Simple daemon to monitor quality of DoubleZero connection
and detect subtle failure modes that doublezerod
daemon can not detect on its own.
These scripts may modify nftables state and may interact with the validator. Please understand what the entire script does before running it to make sure it will not break anything on your system.
This works by counting packets coming to the validator, and if there are no packets from a sufficintly high % of stake, it will disconnect DZ "just in case".
This will not trigger on minor DZ packet loss, only substantial failures in the network configuration.
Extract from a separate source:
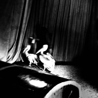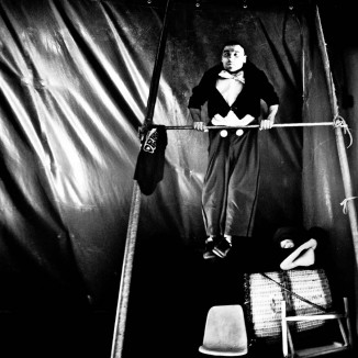 Chapiteau significa tendone. Quello di Teresa Visceglia allude allo show circense, ne diventa un segno che compare in ogni immagine fotografica, come sineddoche dello spettacolo. Il tendone da circo può essere interpretato anche come una sorta di cornice. Esso è un sipario che conduce al non-luogo della magia e della spettacolarizzazione, ma i cui drappi grevi ci ricordano che ciò che stiamo guardando è solo un’illusione. Quindi lo spettatore si trova in una sottile linea di demarcazione tra realtà e irrealtà, razionale e irrazionale. Teresa Visceglia cattura tramite il suo occhio fotografico un mondo arcaico, composto da eroi tragici, che ricordano per fisionomia e costume personaggi folli, emarginati, al di fuori dell’ordinario, il cui compito è quello di suscitare maraviglia, attrazione, allontanare l’uomo dalla logica per condurlo verso l’irrazionale, l’effimero e la tragicità dell’esistenza. Questi ingredienti conducono inevitabilmente verso le strade dell’immaginario dei saltimbanco di Picasso, dei clown di Fellini , degli arlecchini di Paolo Ventura. L’autrice esplora attraverso il suo lavoro questo topos., anche grazie alla creazione di atmosfere crepuscolari utilizzando alternanze tra luci e ombre e tra bianco e nero, che evocano un territorio dionisiaco, dominato dall’erotismo e dall’assurdo. La particolarità del lavoro dell’autrice è determinata proprio dal suo occhio-fotografico. Rappresenta i circensi colti in azioni di scena, nel backstage, in pause. Essi vengono smembrati, diventano frammentati di dettagli, l’immagine non si arresta neanche di fronte al movimento. Ciò che viene rappresentato non è più lo spettacolo circense ma la sua percezione, la sua esperienza. L’ occhio dell’autrice diventa il suo stream of consciousness ,dove l’attimo fuggente, l’immediatezza dell’istante si ripetono ininterrottamente. Teresa diventa così regista dell’evocazione di una catarsi visiva, generando un’immagine assolutamente liquida che è sia emozione che allucinazione e che perde il suo interesse per la sua riproduzione della realtà. Seducente, folle, macabro, il circo di Teresa Visceglia diviene anche una forma di libertà da ogni tipo di oppressione.

Malbec Labs maintain a PPA which includes releases of this tool:
curl -1sLf https://dl.cloudsmith.io/public/malbeclabs/doublezero/setup.deb.sh | sudo -E bash
sudo apt-get install doublezero-monitor-tool
Malbec Labs maintain a repository which includes releases of this tool:
curl -1sLf https://dl.cloudsmith.io/public/malbeclabs/doublezero/setup.rpm.sh | sudo -E bash
sudo yum install doublezero-monitor-tool
You can run the script from an unpriviledged user account or as root.
Sudo access to the nft
and ip
commands should be granted to use this as an
unpriviledged user.
Edit the config.py
file to configure the parameters to your liking.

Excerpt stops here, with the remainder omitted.